Strategy & Operations » Leadership & Management » HMRC CFO Simon Bowles resigns after six year stint

HMRC CFO Simon Bowles resigns after six year stint

CFO to leave after six years, with HMRC's director of comms taking to the Sunday Telegraph's comment section to defend him

SIMON BOWLES, HMRC’s £185,000-a-year director general and chief financial officer, is set to leave his post for pastures new.

Bowles, an ex-Arthur Andersen man and one of scores of senior public servants earning more than the British prime minister, will officially depart in March 2015 – exactly six years after he took on the job.

HMRC chief executive, Lin Homer said: “Simon’s contribution to HMRC has been significant, both as the chief finance officer and through the wise counsel and continuity he has provided to ExCom through years of change. He can be proud of his achievements and of his contribution to the department.”

Yet news of his departure, at least how it was somewhat mischievously penned in a Sunday broadsheet’s City gossip column, provoked ire from the taxman’s most senior spin doctor.

The four paragraph story linked his departure to last week’s news that the HMRC had “totted up a further 100,000 tax bills incorrectly, after botching 5.5m payments for 2013/14”.

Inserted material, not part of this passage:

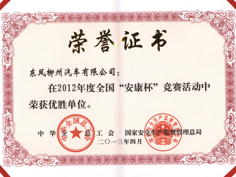 获奖名称:2012年度全国"安康杯"竞赛活动优胜单位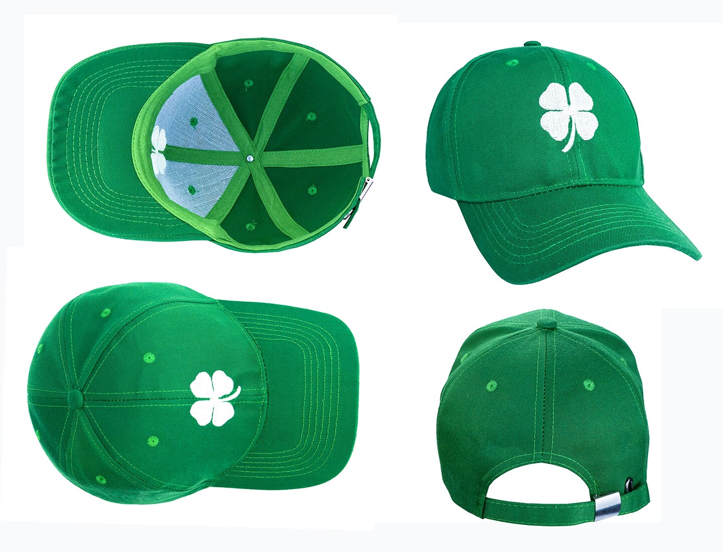 St. Patrick's Day 4 Leaf Clover Baseball Hat Adjustable Embroidery Shamrock Baseball Cap for Men and Women

Taking the opportunity to “separate fact from insinuation” via the Sunday Telegraph’s comment section, HMRC comms director Stephen Hardwick, John Prescott’s former policy adviser  and speechwriter, responded how “our finance chief informed our CEO a long time ago that he had decided to leave on his sixth anniversary, but we only announced it this week because that’s when his six months’ notice begins. Simple, really.

“Second, he’s a permanent senior civil servant. He’s not on a contract, so the ‘not seeking to renew his contract for another three-year stint’ is tosh. He could stay as long as he likes.

“Third, the alleged ‘botched 5.5 million payments’, is the process that the PAYE system has gone through for the last 60 years, when any discrepancies between what tax has been paid by employees and what they owe are sorted out. This usually occurs because someone has changed jobs, had a pay rise, got a benefit or something which hasn’t been notified to HMRC during the year.

“With Real Time Information, the size of these discrepancies will reduce – provided we get the right information from employers – but there’s always likely to be the need to reconcile people’s tax accounts at the end of the year. Oh, and our latest best estimate is 18-20,000 incorrect notices were sent out in September, not 100,000. And none of this operational stuff comes under the chief finance officer.

“Finally, HMRC brought in record revenues last year – £506bn – to pay for our nation’s public services, so however much we might make mistakes from time to time (no organisation is infallible), we’re doing very well at the core job. And we achieved this while keeping within a shrinking budget. This budget stuff is what our Finance Chief is responsible for and he has done it brilliantly for the past five and a half years. He will be sorely missed when he goes.”

It’s not yet known where the former CFO of Fiberweb and deputy group FD of the RAC, is headed.